This book kind of called to me in a used book sale I was strolling through back in October. The promise of stage intrigue, English locations, and even some friendly skewering of academia, college professors and administrators in particular was a draw to me that did not disappoint...for the first ten chapters or so.
Yet after that I began to ask here and there where exactly the author was headed. By the halfway point, the book became guilty of providing too much of a good thing, if you will.
As an actor, Anglophile of sorts, and critic of higher education, I did enjoy the initial references to and satire of all three. Yet more of that piled on top of more, stereotypical character eased into another stereotypical character, and friendly lampooning became repetitive, and then overwhelming at times. It was done with too many characters, far too often, along way too many side roads for the story to hold up.
My quick estimation was that about 10 of the characters and at least three of the incidents in the novel were entirely superfluous, save for the opportunities it afforded the author to satirize something. But no sooner have we gotten to know characters like Jorvelle Wakefield and Steve Weiner than they essentially vanish entirely from the novel, save but a brief mention here and there-including a highly predictable and equally unnecessary final chapter that mentioned, almost in passing, where every character ended up...no matter how small their presence was in the actual story. Who cares?
Not I, after spending 100 pages with people who are then nothing more than a footnote for the remaining 200+ pages. Yet the book ends as though we fell in love with people that really had no time to make an impact.
Bogging things down even more were totally unrelated subplots that were neither entertaining in their own right, nor illustrative of the actual plot. There was, I maintain, not a single thing added to this novel for so much as a moment, by anything having to do with Dean Tupper. (Again, except for a chance to lampoon a football has-been turned bureaucrat.)

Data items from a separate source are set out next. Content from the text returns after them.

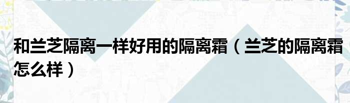 导读 大家好,今天小六子来为大家解答以下的问题,关于和兰芝隔离一样好用的隔离霜,兰芝的隔离霜怎么样这个很多人还不知道,现在让我们一起来看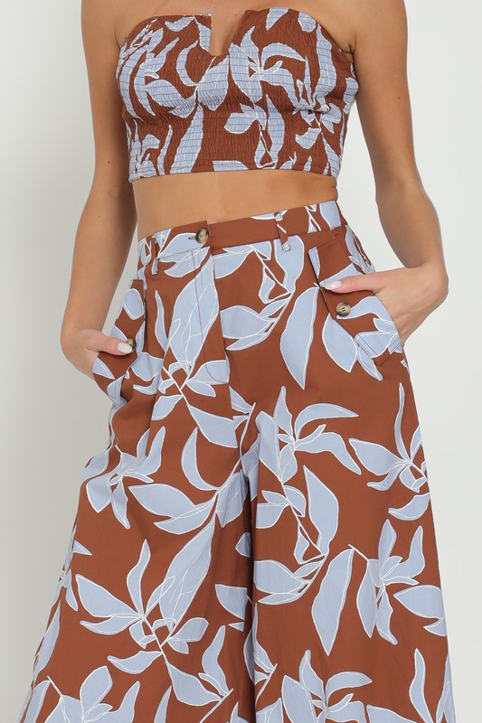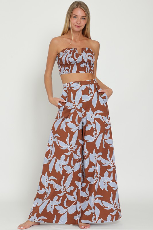 TUBE SMOCKED TOP & HIGH WAISTED LONG PANTS SET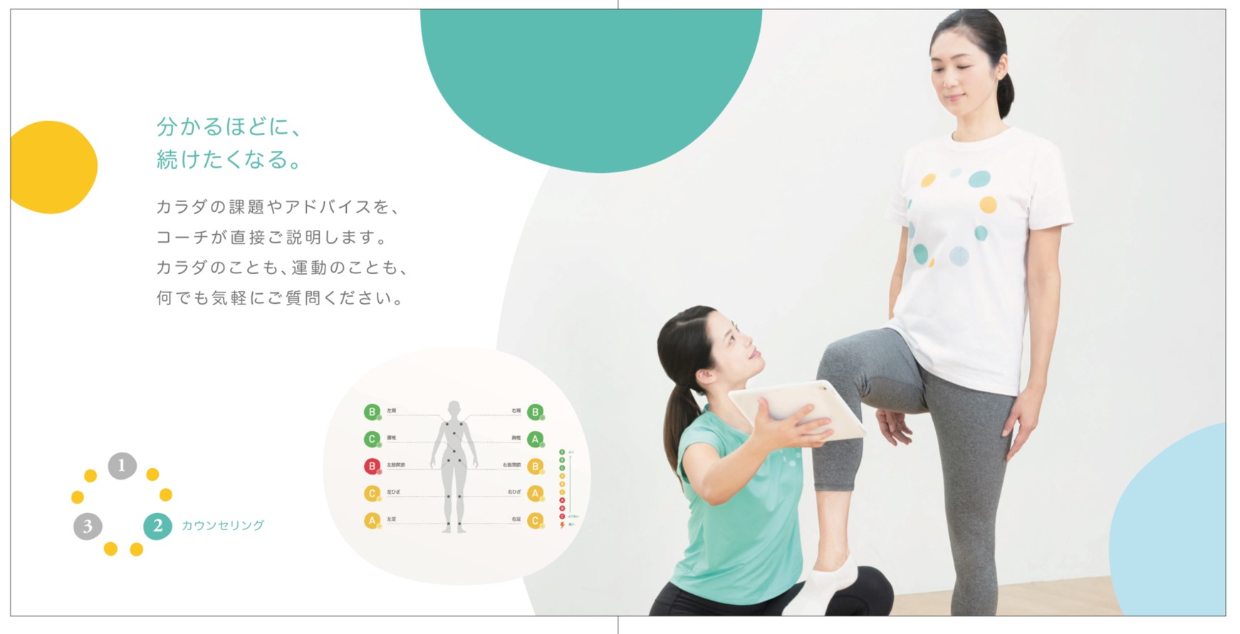 そして、その後には「カウンセリング」も実施。先の「カラダチェック」による科学的な分析と、コーチによるカウンセリングにより、個々のカラダの課題を確認。最適なトレーニングを導き出してくれるというわけです。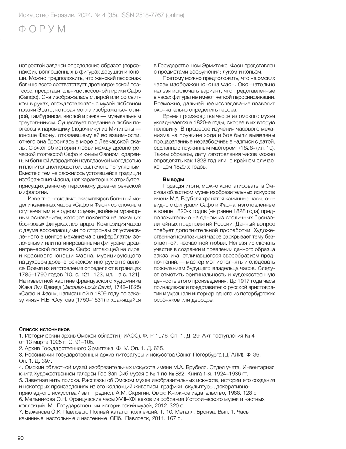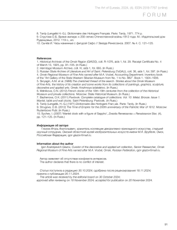 The article presents the findings of a study of bronze mantel clocks from the collection of the Omsk Regional Museum of Fine Clocks, named after M. A. Vrubel. On the basis of an artistic and stylistic analysis, the work is attributed to the field of decorative and applied art. The composition of the clock case, which depicts the theme of unrequited and unhappy love, has been subjected to detailed analysis. The subjects of the bronze reliefs decorating the pedestal and stele of the clock, as well as the bronze figures embodying the images of the ancient Greek poetess Sappho and her lover Phaon, were subjected to analysis and determined. The artistic works that inspired the composition depicted in the clock are revealed. French mantel clocks of different models with similar reliefs and figures from museum collections, private collections and those offered for sale at auctions are established. A comparative analysis of the level and quality of manufacture of the Omsk clock and similar samples permitted the conclusion that the specimen from the Siberian museum was most likely produced in Russia at one of the country’s capital cities’ bronze foundries. The study of the clock mechanism enabled the establishment of its French provenance, while the inscription on the movement and strike spring facilitated the clarification of the dating: the mechanism was manufactured in 1828, with the clock itself dating to the late 1820s (and therefore not earlier than 1828). The examination of archival materials has not yet yielded sufficient evidence to ascertain the ownership of the object. However, the available evidence suggests that this sophisticated and esteemed bronze ornament was a prominent feature of the interior of a Saint Petersburg mansion or palace belonging to the Russian aristocracy until 1917.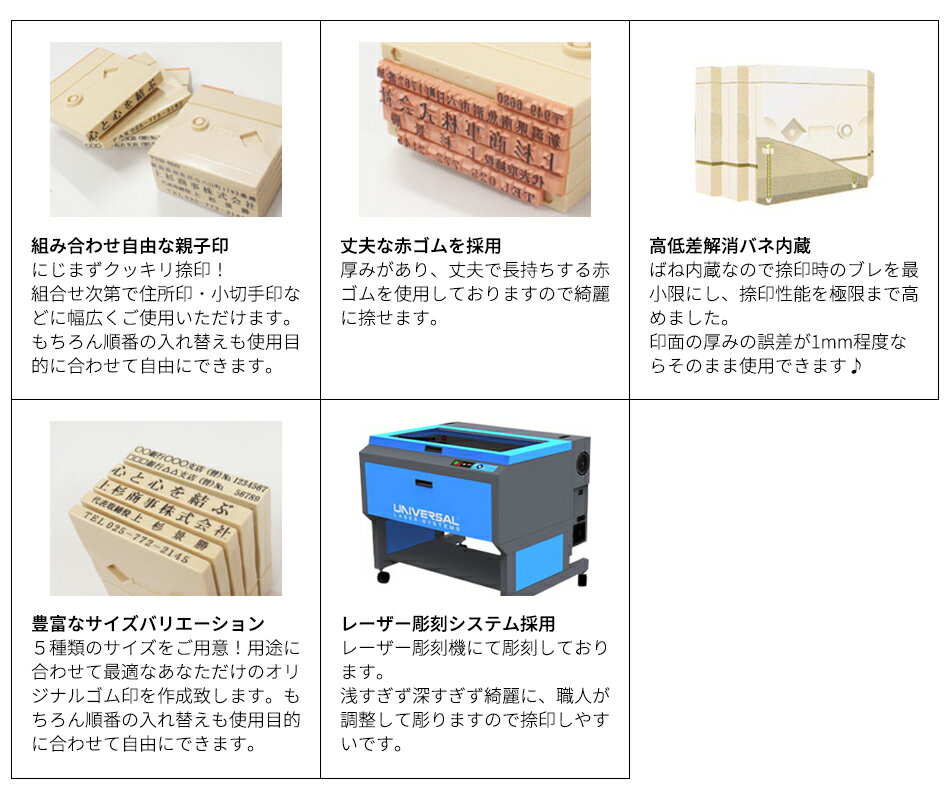 組合せ次第で住所印・小切手印などに幅広くご使用いただけます。

I had to put this book down for a few weeks, because I was moving to a new house. But even then, it had been slowing down quite a bit before I stopped, and it took some doing to pick it back up again. Like eating an entire cake on one's own in one sitting, what could have been sweet flavoring for a meal ended up being entirely too much of a good thing.
By the time Foolscap realizes it needs to end the self-indulgent, quasi-literary dalliances it has established over the previous 200 pages, the raison-detre of the book, the forgery, is given the shortest possible shrift. Sentences started to open with phrases such as, "Three months later," or "two years later". This was disappointing, having spent virtually every painstaking moment with every person at Cavendish over a three month period in the first half of the book.
Oddly enough, I enjoyed the Epilogue the most. There the author captures the essence of the beautiful lunacy that is being both a writer and an actor. A glorious mood he strikes but for mere moments throughout the work, but which the jacket seemed to indicate would be present throughout. I admire the message, and the obvious passion with which the author pursued it (eventually). But due to one too many stereotypes, academic references, set pieces, and plain digressions, I can't recommend the book. I think the man who wrote it would probably be more fun to talk to about theatre and writing, than reading his novel that is allegedly about characters doing the same.